▶ _REQUIRED WORK_: Which of the lines below contain the string "that"? Copy each one.

▶ _EXERCISE DATA_:
******

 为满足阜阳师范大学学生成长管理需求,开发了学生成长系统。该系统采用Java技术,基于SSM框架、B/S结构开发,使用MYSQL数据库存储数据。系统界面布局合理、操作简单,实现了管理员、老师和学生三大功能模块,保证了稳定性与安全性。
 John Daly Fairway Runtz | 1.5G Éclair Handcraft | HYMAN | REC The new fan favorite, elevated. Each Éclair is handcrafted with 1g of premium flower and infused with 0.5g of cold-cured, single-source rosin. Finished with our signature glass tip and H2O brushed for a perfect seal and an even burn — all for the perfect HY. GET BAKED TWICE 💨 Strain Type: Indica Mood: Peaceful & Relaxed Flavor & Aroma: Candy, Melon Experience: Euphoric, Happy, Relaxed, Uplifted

******

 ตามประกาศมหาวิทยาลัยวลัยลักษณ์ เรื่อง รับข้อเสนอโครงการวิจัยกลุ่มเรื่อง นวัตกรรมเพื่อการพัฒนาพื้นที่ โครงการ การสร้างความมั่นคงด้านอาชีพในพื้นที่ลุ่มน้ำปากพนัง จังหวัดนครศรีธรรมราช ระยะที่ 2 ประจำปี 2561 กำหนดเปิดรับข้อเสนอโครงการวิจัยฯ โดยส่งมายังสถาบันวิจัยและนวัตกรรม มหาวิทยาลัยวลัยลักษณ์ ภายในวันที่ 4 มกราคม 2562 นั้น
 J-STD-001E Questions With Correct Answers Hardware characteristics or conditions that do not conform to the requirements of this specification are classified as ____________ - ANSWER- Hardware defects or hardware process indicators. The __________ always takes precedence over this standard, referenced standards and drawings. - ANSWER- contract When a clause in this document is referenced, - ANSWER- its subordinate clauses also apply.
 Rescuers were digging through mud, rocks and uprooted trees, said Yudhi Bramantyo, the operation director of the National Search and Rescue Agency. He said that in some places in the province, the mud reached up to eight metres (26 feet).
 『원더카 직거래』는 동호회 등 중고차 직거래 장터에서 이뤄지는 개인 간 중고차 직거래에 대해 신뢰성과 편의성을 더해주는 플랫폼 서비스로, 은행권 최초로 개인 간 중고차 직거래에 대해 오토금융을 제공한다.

******

▶ _RESULT_:
 J-STD-001E Questions With Correct Answers Hardware characteristics or conditions that do not conform to the requirements of this specification are classified as ____________ - ANSWER- Hardware defects or hardware process indicators. The __________ always takes precedence over this standard, referenced standards and drawings. - ANSWER- contract When a clause in this document is referenced, - ANSWER- its subordinate clauses also apply.
 Rescuers were digging through mud, rocks and uprooted trees, said Yudhi Bramantyo, the operation director of the National Search and Rescue Agency. He said that in some places in the province, the mud reached up to eight metres (26 feet).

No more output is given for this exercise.